The plot resembles a mixture of “I Am You” and the real-life Jamie Bulger murder case (even Peter Jackson’s “Heavenly Creatures”), so one should expect a fairly heavy-going, mature story on show here. The worldview we get here is kind of a similarly white trash view as seen in “Gone Baby Gone” but a different state in America. It’s really well-conveyed, and Diane Lane is particularly excellent in a somewhat against-type casting decision. I think the film is a little rougher on her character than I feel like being, but there’s no doubt that this is your typical mother who is hard on her own kid who is troubled and frumpy, whilst clearly favouring someone else’s child who is everything she wishes her own daughter would be. Whether Lane’s daughter is the way she is partly due to parental neglect or whether Lane is perhaps justified in being aloof towards her own daughter, is left somewhat ambiguous I think, and really interesting. However, there’s no doubt that this woman is absolutely not mother of the year material at all. It’s a really interesting character and Lane, although not the first person I’d think of to play a white trash mother, is terrific in the part.

 

Although her domestic scenes are a cliché, Elizabeth Banks is fairly solid, if unspectacular in a dramatic part. She’s fine, but the role doesn’t give her nearly as much to chew on as others in the cast are afforded with their characters. Her character also seems a bit thick, as she asks one of the supposed killers about the initial crime. What? Can’t you just get court transcripts or police interview transcripts from the time? That seemed really weird and unconvincing to me, through no fault of Banks’. Dakota Fanning, meanwhile is good in a very sad, affecting role. Rapper Common capably eschews his usual cool as ice persona to play much lower class here in a small role. You might not even recognise him sporting cornrows.

 

Unfortunately, the film comes saddled with two less persuasive performances. Nate Parker overplays it a bit as Banks’ partner who takes a disliking to his much lower-class equivalent in Common.
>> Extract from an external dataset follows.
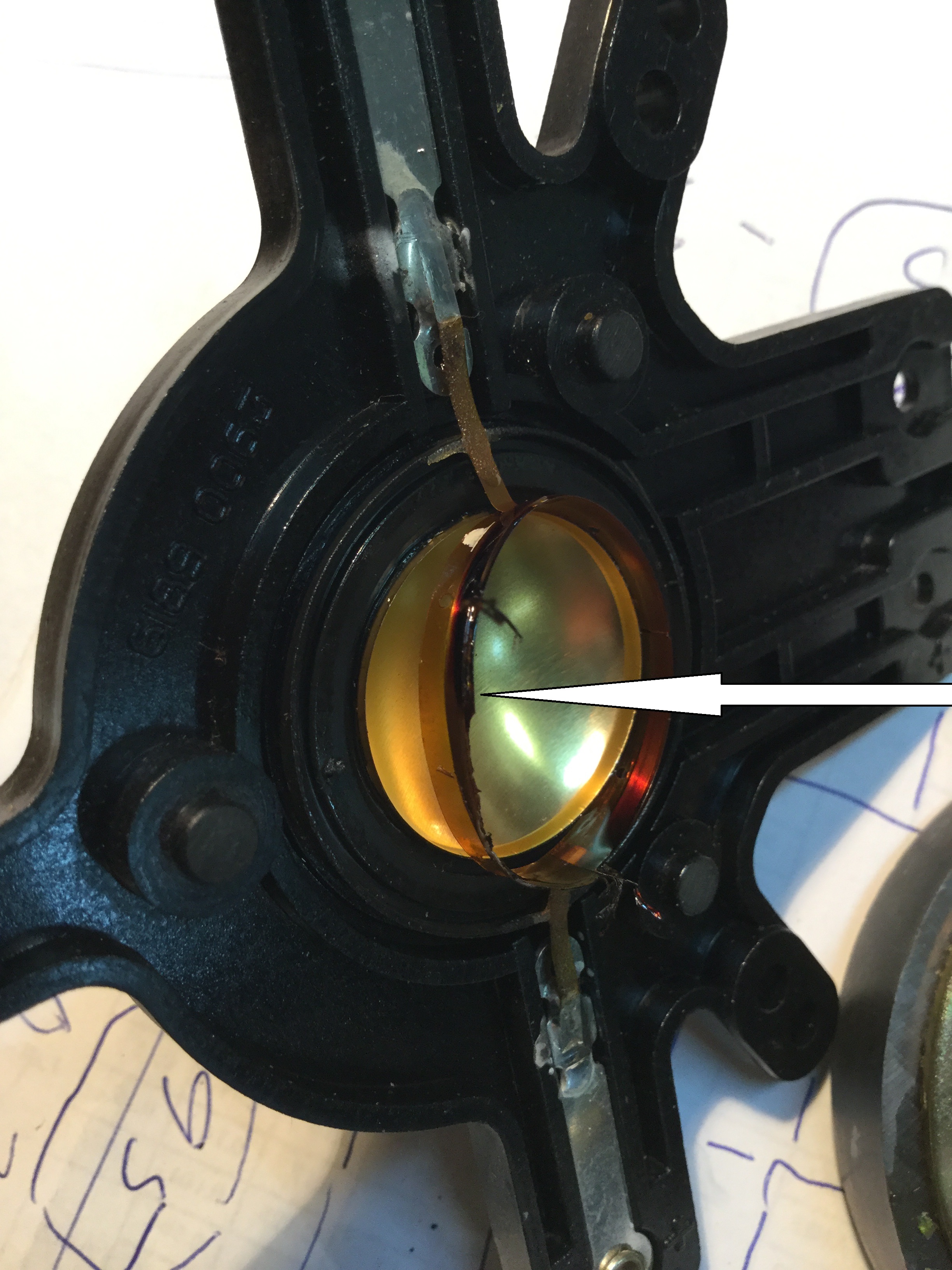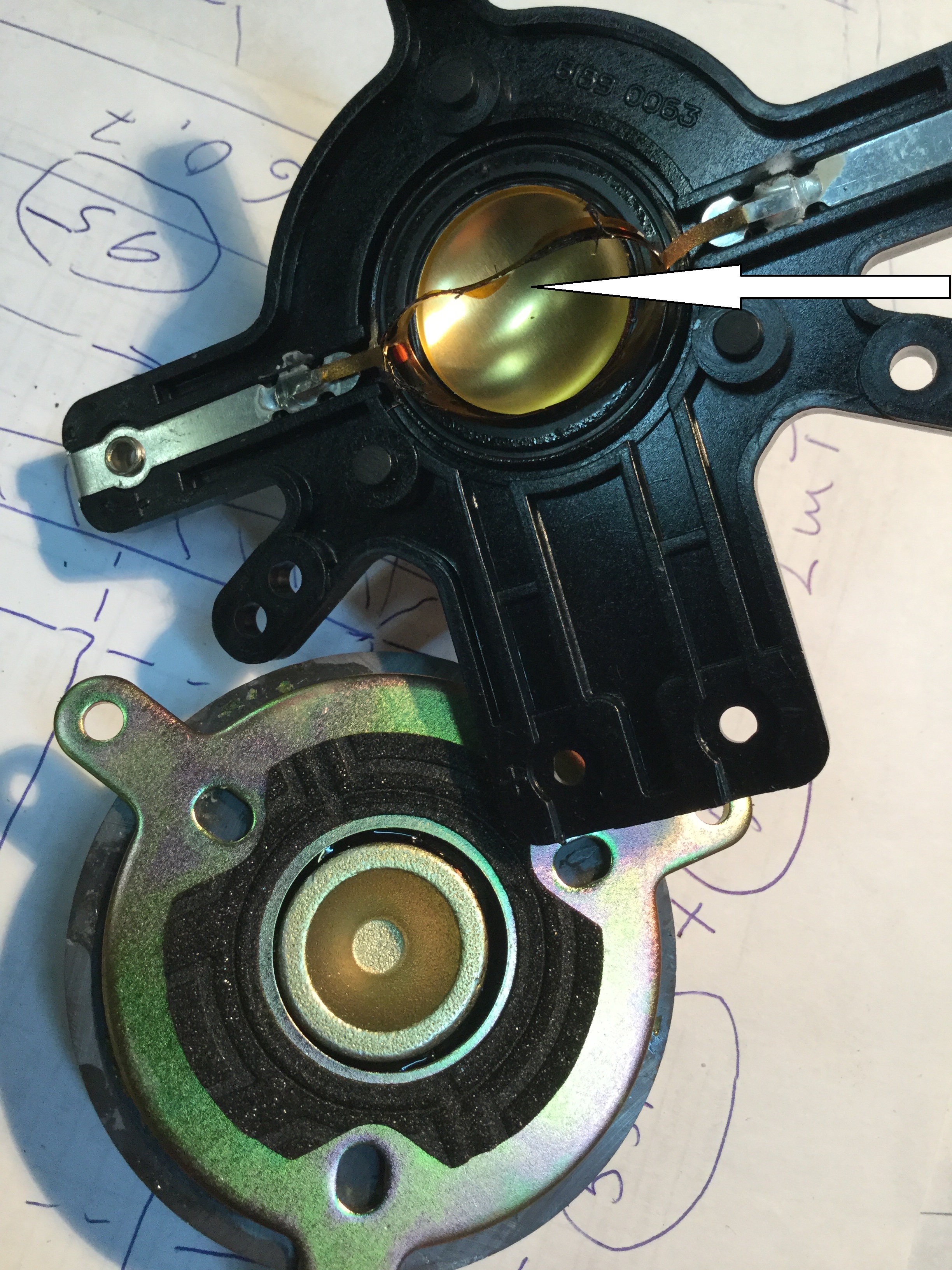 Ремонт своими силами модуль HF блока ,проще говоря пищалки , у тюльпанов. Бывают две причины у неработающих HF блоков. Первая - сожгли обмотку катушки диффузора , что почти не возможно , если конечно Вы не включаете ее в розетку 220 вольт , при чем без кроссовера .А если без шуток , они горят когда хозяева начинают экспериментировать с тестами сигнала и пожуханами усилителями.Усилитель возбуждается и выжигает пищалку.В моей практике это единственная причина выжигания HF блоков , но их много. В этом случае лучше всего замена , можно конечно отдать на перемотку ,ну чем мотать будут мастера если вам попадется пищалка с квадратным проводом.Блок пищалки идет в двух исполнениях. С круглым и квадратным проводом , об этом позже. Вторая-больше относится к производителю , который как мне кажется не продумал как лучше закрепить магнит к площадки крепления пищалки.Фирма пытается выйти из положения ,приклеиванием HF блоков корпусу техническим пластилином.Не всегда эта мера предосторожности помогает.При хорошей встряске или случайном неосторожном обращение с акустикой , магнитная система видет себя не адекватно. В следствие чего магнит отрывается и меняет свое место жительство ,влево или в право , зажимая катушку диафрагмы пищалки. На фото хорошо видны повреждения катушки и не центровка магнита. (Всем советую при перевозки акустики , класть ее на лицо или зад.Так меньше шансов оторвать магнит.)

It’s a clichéd role and I think Parker gives it just a tad too much juice to where he seems a bit unhinged. The bigger issue, though, is young Danielle MacDonald as the older incarnation of Lane’s chubby, sullen daughter. Although she’s not nearly as unrestrained as Ruth Bradley in “I Am You”, I think (a lot) less would’ve been so much more. Having said that, you do still feel sorry for her character in a pathetic kind of way. Put aside for a second what the girl may or may not have done, and you’ve still got a kid with low self-esteem being overlooked by her own damn mother. At least from MacDonald’s point of view, it seems like an act of cruelty on her mother’s behalf.

 

A good movie with an interesting crime/mystery plot, it would’ve been even better without a couple of unsubtle performances. Worth seeing for the basic story and an excellent turn by Diane Lane. It’s one of those films that will have you talking and debating with people afterwards. It’ll probably rile you up a bit at times, too with some of the behaviour on display by young and old. Worth seeking out.